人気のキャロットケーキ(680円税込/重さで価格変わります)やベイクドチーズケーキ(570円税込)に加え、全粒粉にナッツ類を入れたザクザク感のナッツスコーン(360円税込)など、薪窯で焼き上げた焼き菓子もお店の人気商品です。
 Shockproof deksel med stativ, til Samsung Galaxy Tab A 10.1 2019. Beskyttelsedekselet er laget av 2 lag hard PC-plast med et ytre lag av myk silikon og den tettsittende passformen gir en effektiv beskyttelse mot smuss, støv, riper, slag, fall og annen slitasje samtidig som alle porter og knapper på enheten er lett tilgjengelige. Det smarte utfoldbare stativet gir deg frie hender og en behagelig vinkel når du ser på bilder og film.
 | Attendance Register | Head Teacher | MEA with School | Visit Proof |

...

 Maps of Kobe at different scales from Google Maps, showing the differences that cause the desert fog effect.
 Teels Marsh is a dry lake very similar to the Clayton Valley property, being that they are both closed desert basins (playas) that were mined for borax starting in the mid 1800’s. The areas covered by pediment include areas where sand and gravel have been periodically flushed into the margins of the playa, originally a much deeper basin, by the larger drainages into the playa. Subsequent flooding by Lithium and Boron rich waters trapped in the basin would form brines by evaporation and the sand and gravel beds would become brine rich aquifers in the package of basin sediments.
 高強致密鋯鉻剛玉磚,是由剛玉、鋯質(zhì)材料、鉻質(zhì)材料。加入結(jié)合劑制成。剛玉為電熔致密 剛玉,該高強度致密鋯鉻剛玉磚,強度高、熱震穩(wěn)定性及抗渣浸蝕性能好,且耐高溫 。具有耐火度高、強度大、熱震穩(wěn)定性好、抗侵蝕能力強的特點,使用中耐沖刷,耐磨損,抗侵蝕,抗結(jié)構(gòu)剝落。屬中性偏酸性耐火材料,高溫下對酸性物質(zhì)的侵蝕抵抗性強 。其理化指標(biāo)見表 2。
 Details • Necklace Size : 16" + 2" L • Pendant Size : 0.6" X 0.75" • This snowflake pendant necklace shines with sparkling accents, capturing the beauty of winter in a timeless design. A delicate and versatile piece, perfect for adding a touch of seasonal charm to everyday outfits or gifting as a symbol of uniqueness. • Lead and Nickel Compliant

▶ [Aim of the task] Scan the listing above, and wherever a line holds the string "with", copy that line.

▶ [Exercise solution]
 | Attendance Register | Head Teacher | MEA with School | Visit Proof |
 Details • Necklace Size : 16" + 2" L • Pendant Size : 0.6" X 0.75" • This snowflake pendant necklace shines with sparkling accents, capturing the beauty of winter in a timeless design. A delicate and versatile piece, perfect for adding a touch of seasonal charm to everyday outfits or gifting as a symbol of uniqueness. • Lead and Nickel Compliant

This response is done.